§ **EXERCISE BRIEF**: For this listing, reproduce the line with "Linzi Foutch Tan", the line with "G3库里和伦纳德展开得分对飙", and the lines between, exactly as they stand. Leave out pictures and all other lines.

§ **SUPPLIED INFORMATION**:
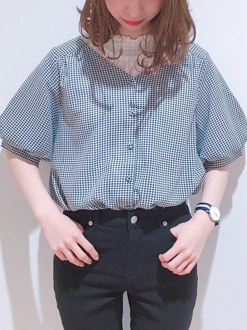 ガーリーなチュニックにはギンガムチェックのスキニーパンツを!上がふんわりとしているぶん、ボトムをスキニーでタイトに仕上げるのがメリハリコーデのコツです。
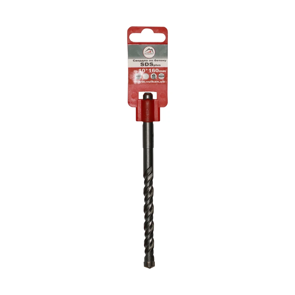 VulkanSDS PLUS 10*100/160мм - бур для свердління технічних отворів у поверхнях з бетону, цегли, каменю. Ріжуча пластина з вольфраму карбіду робить свердло надзвичайно твердим, а форма з двома канавками забезпечує ефективне відведення пилу з робочої зони. Завдяки універсальному хвостовику SDS PLUS бур підходить для всіх перфораторів з даною системою кріплення.
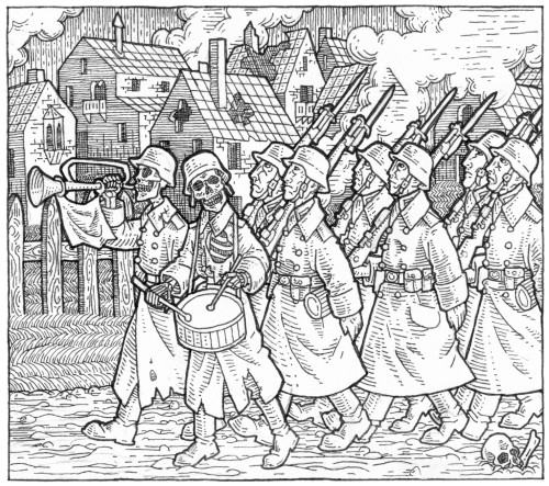 Rysunki gloryfikujące przesłodzony romantyzm rewolucji sowieckiej czy kompozycje pełne niemieckich mundurów są dla nas ciągle obrazem przykrym czy wręcz irytującym. Ale uważny obserwator dostrzeże tragizm człowieka - żołnierza, człowieka - mięsa armatniego. Niezależnie od czasów, munduru i zawsze z jednakową pogardą traktowanego przez polityków, tyranów, wszelkiego rodzaju posiadaczy racji i głosicieli jedynej prawdy. W scenach militarnych jest jednocześnie dbałość o realia epoki, zgodny z historią mundur czy broń, odpowiednia architektura, właściwe papierosy lub gazeta na stole, ale jest też po prostu tragizm wojny, jej bezwzględność i bezsens. Rysunki o wojnie są antywojenne.
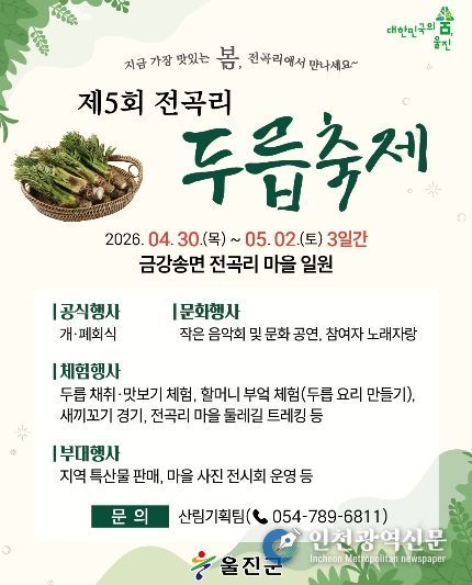 [인천광역신문] 최예준 기자 | 울진군 금강송면 전곡리에서 봄철 대표 산나물인 두릅을 주제로 한 ‘제5회 전곡리 두릅축제’가 오는 4월 30일부터 5월 2일까지 3일간 전곡리 마을 일원에서 개최한다.
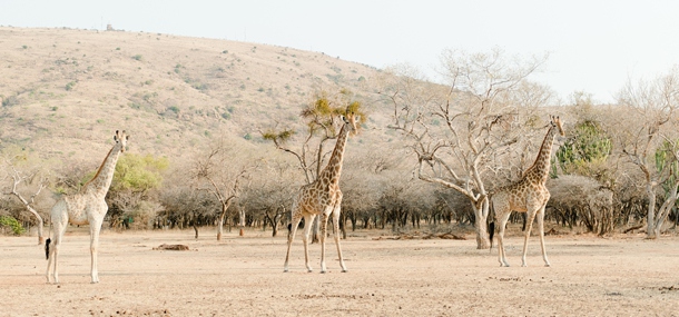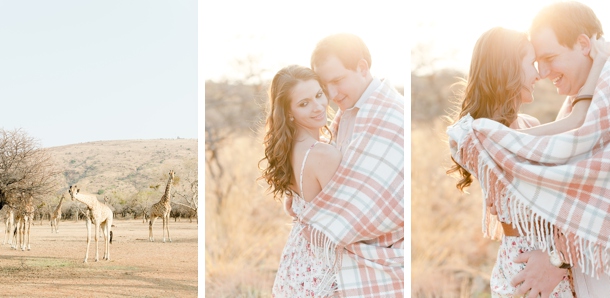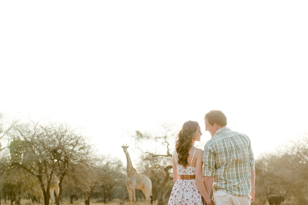 Right off the bat, I’m going to say this might be my favourite e-shoot ever. Louise Vorster‘s dreamy pics of LinĂ© & Johan are just exquisite, and the whole thing took place in the African bushveld, which is my best place in the world. With some beautiful giraffes grazing elegantly in the background, a curious kudu, and lots of love and laughter between the couple, it may be the ultimate SouthBound engagement. Thanks so much for sharing, Louise!
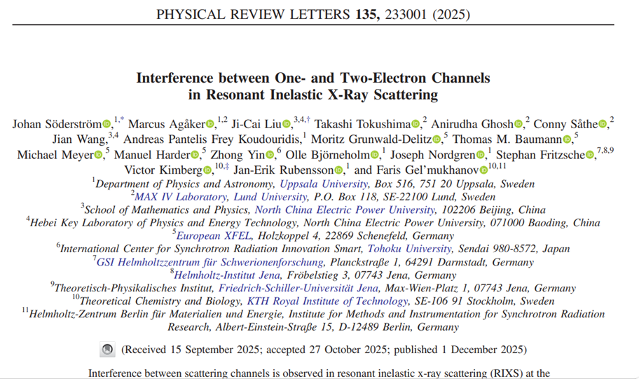 近日,我校数理学院刘纪彩教授团队与瑞典乌普萨拉大学、隆德大学、瑞典皇家工学院、欧洲XFEL等多个国际知名实验团队合作,在物理学领域顶级期刊Physical Review Letters上发表了《Interference between One- and Two-Electron Channels in Resonant Inelastic X-Ray Scattering》学术论文,刘纪彩教授为论文的共同通讯作者(理论工作),博士生王翦参与论文的计算模拟。
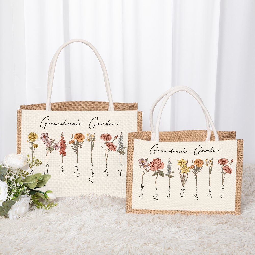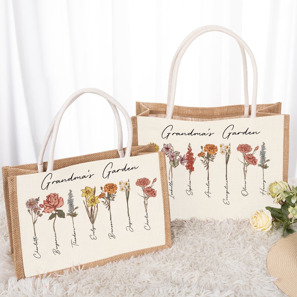 Our exquisite tote bag features a stunning birth flower design, where each flower represents a child's birth month. Personalized bags express love and admiration for mothers or grandmothers, creating a truly unique and meaningful gift.
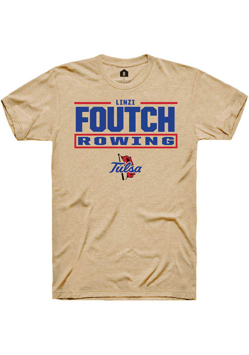 Linzi Foutch Tan Tulsa Golden Hurricane NIL Stacked Box Short Sleeve T Shirt
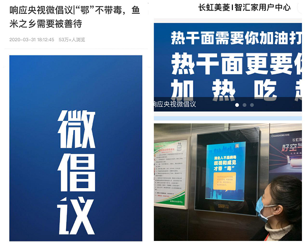 为助推待销的湖北农副产品走出去,拓展销路,为群众增收,央视新闻迅速策划,发起“谢谢你为湖北拼单”媒体公益行动,呼吁全国网友下单购买湖北农副产品,困难时期拉湖北一把。相关公益倡议海报3月27日发布之后引爆网络,同时在北京、上海、广州等近400座城市86万块屏中播放,引发广泛反响。
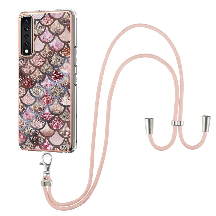 Funda TPU LG Stylo 7 4G Patrón Galvanoplastia Imd a Prueba de Golpes con Cordillero (Escamas Rosadas)
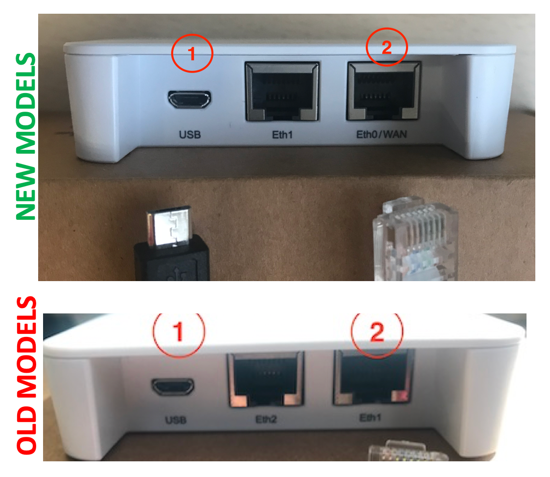 - Conecte un cable ethernet de categoría 5e o superior al puerto eth0 (o eth1 en el caso de los modelos más antiguos). Conecte el otro extremo del cable a un switch de una red LAN con DHCP. Si no dispone de servidor DHCP en su red, siga las instrucciones de configuración manual.
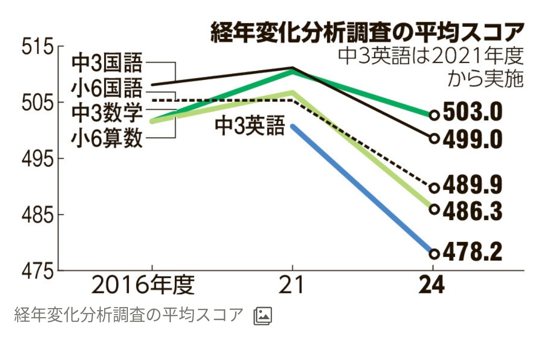 成績が下がった要因について文科省は「明確には示せない」とする。ただ、中学英語はコロナ禍が影響した可能性を挙げた。中3生は小学校で外国語を習い始めた時期がコロナ禍と重なる。「小学校はコミュニケーション重視の指導だが『話すこと』が積極的にできなかった影響」とみる。ある文科省幹部は「こんなに有意に下がったことはない。深刻だ」と明かす。学力に関する文科省の専門家会議に長く関わる耳塚寛明・お茶の水女子大名誉教授(教育社会学)は「驚いた。要因は複合的で、一つずつ確認する作業が必要」と指摘した。
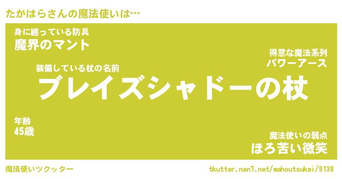 | 伝説のあだ名 | 『不死鳥の竜騎士たかはら』 |
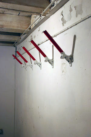 At once visceral and ethereal, the work "Orion" consists of five burnt out road flares placed in flagpole holders. A momento mori, the flares symbolize temporality and the suspension of a charged narrative.
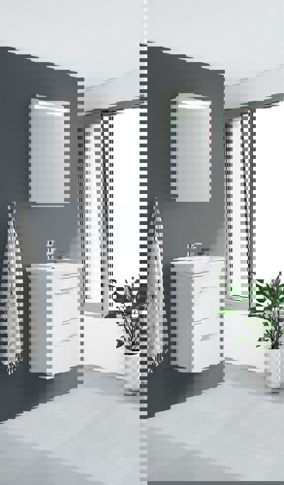 Opgrader dit badeværelse med et budgetvenligt valg - Dansani Mido+ vaskeskab med 2 skuffer. Med en dybde på 35 cm er dette vaskeskab perfekt på de mindre badeværelser, på gæstetoilettet eller i sommerhuset. Derudover har dette vaskeskab udskæring til vægafløb. Dansani Mido+ vaskeskabet er overkommeligt prissat, og her kan du også tilvælge fx lys i skuffen og træbakker for bedre overblik og organisation i badeværelset.  Til alle Mido+ skabe medfølger det helt klassiske Base greb i krom. Du kan tilvælge et andet greb for et andet look, men husk at det skal bestilles sammen med dine møbler. Husk at tilvælge de små praktiske ting til dine badeværelsesmøbler, som du dagligt vil glæde dig over. Fx lys og træbakker til dine skuffer.
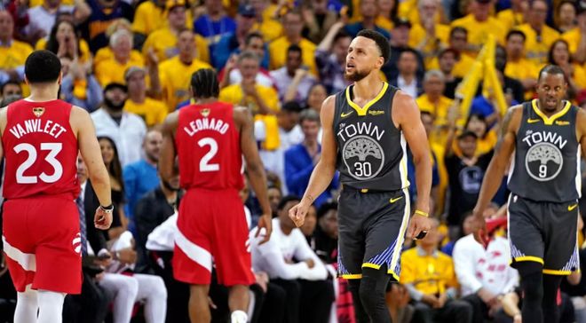 G3库里和伦纳德展开得分对飙,库里贡献了全场最高的47分,但双拳难敌四手,在猛龙6人上双的情况下,勇士只能接受惨败的事实。
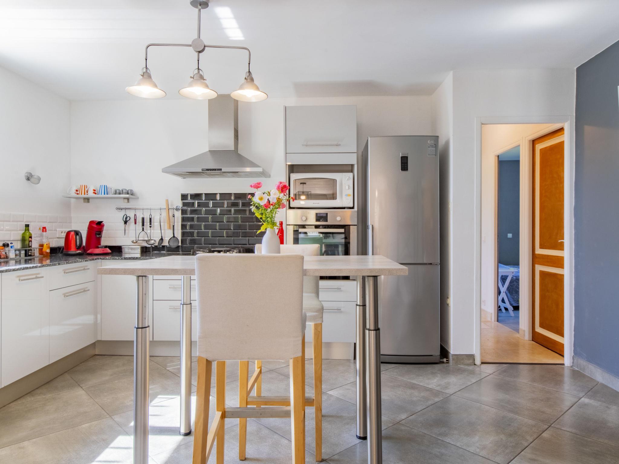 4-room house 120 m2. Comfortable and beautiful furnishings: living/dining room with TV (flat screen). Exit to the terrace. 1 room with 1 french bed (180 cm, length 200 cm). 1 room with 2 beds (90 cm, length 190 cm). 1 room with 1 french bed (140 cm, length 190 cm). Open kitchen (oven, dishwasher, 4 gas rings, toaster, kettle, microwave, freezer, electric coffee machine, Capsules for coffee machine (SENSEO) extra). Shower, sep. WC. Terrace roofed. Terrace furniture, barbecue, deck chairs (6). Facilities: washing machine, iron, children's high chair, baby cot for up to 2 year olds. Internet (WiFi, free). Please note: non-smoking house. Maximum 1 pet/ dog allowed. Smoke alarm. Offer by a private individual according to Art. 155, IV of CGI.
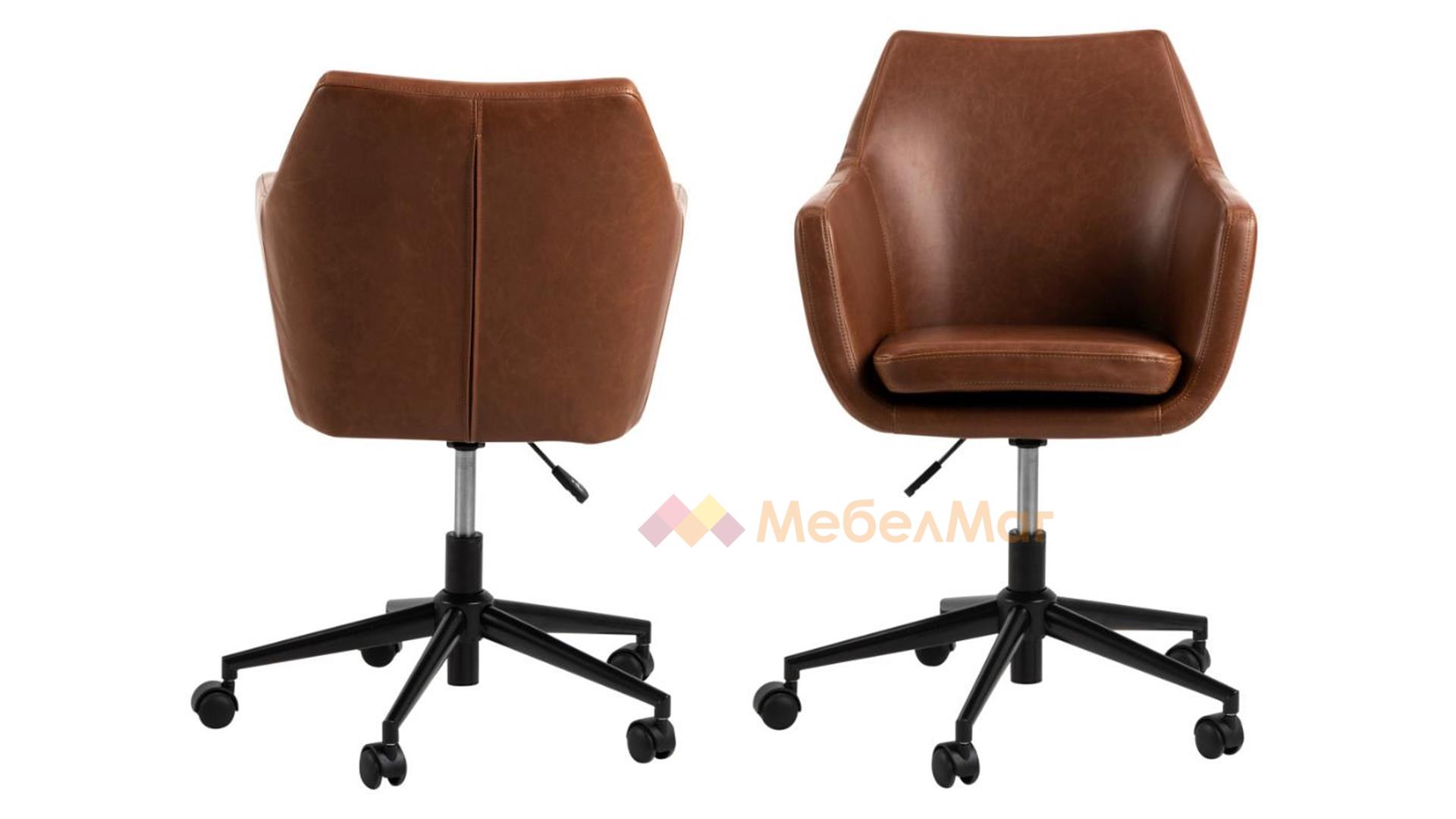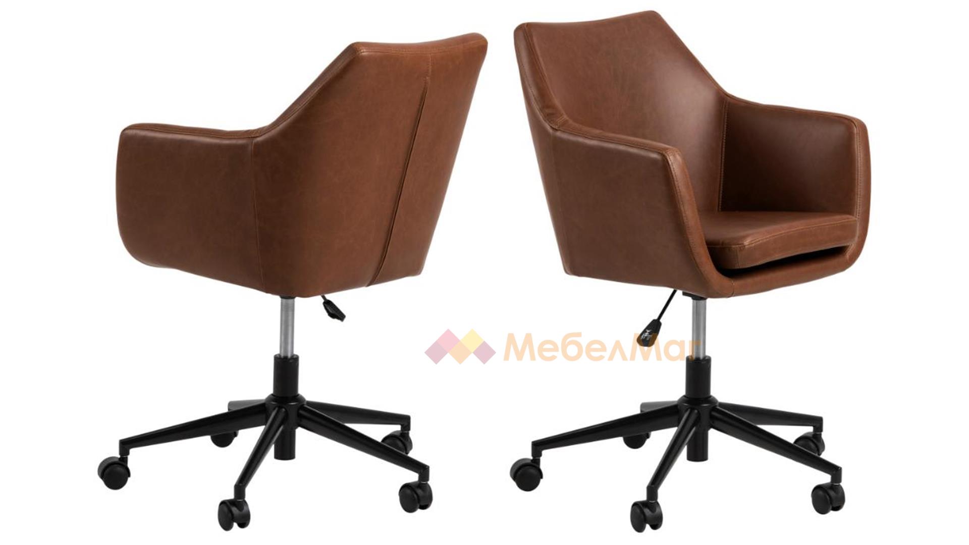 Офис стол Нора предлага съвременен стил с класически силует за вашия домашен офис. Има удобна седалка, тапицирана с изкуствена кожа, с вдлъбнати подлакътници, което прави този стол идеален за продължителна работа.

§ **WRITTEN SOLUTION**:
 Linzi Foutch Tan Tulsa Golden Hurricane NIL Stacked Box Short Sleeve T Shirt
 为助推待销的湖北农副产品走出去,拓展销路,为群众增收,央视新闻迅速策划,发起“谢谢你为湖北拼单”媒体公益行动,呼吁全国网友下单购买湖北农副产品,困难时期拉湖北一把。相关公益倡议海报3月27日发布之后引爆网络,同时在北京、上海、广州等近400座城市86万块屏中播放,引发广泛反响。
 Funda TPU LG Stylo 7 4G Patrón Galvanoplastia Imd a Prueba de Golpes con Cordillero (Escamas Rosadas)
 - Conecte un cable ethernet de categoría 5e o superior al puerto eth0 (o eth1 en el caso de los modelos más antiguos). Conecte el otro extremo del cable a un switch de una red LAN con DHCP. Si no dispone de servidor DHCP en su red, siga las instrucciones de configuración manual.
 成績が下がった要因について文科省は「明確には示せない」とする。ただ、中学英語はコロナ禍が影響した可能性を挙げた。中3生は小学校で外国語を習い始めた時期がコロナ禍と重なる。「小学校はコミュニケーション重視の指導だが『話すこと』が積極的にできなかった影響」とみる。ある文科省幹部は「こんなに有意に下がったことはない。深刻だ」と明かす。学力に関する文科省の専門家会議に長く関わる耳塚寛明・お茶の水女子大名誉教授(教育社会学)は「驚いた。要因は複合的で、一つずつ確認する作業が必要」と指摘した。
 | 伝説のあだ名 | 『不死鳥の竜騎士たかはら』 |
 At once visceral and ethereal, the work "Orion" consists of five burnt out road flares placed in flagpole holders. A momento mori, the flares symbolize temporality and the suspension of a charged narrative.
 Opgrader dit badeværelse med et budgetvenligt valg - Dansani Mido+ vaskeskab med 2 skuffer. Med en dybde på 35 cm er dette vaskeskab perfekt på de mindre badeværelser, på gæstetoilettet eller i sommerhuset. Derudover har dette vaskeskab udskæring til vægafløb. Dansani Mido+ vaskeskabet er overkommeligt prissat, og her kan du også tilvælge fx lys i skuffen og træbakker for bedre overblik og organisation i badeværelset.  Til alle Mido+ skabe medfølger det helt klassiske Base greb i krom. Du kan tilvælge et andet greb for et andet look, men husk at det skal bestilles sammen med dine møbler. Husk at tilvælge de små praktiske ting til dine badeværelsesmøbler, som du dagligt vil glæde dig over. Fx lys og træbakker til dine skuffer.
 G3库里和伦纳德展开得分对飙,库里贡献了全场最高的47分,但双拳难敌四手,在猛龙6人上双的情况下,勇士只能接受惨败的事实。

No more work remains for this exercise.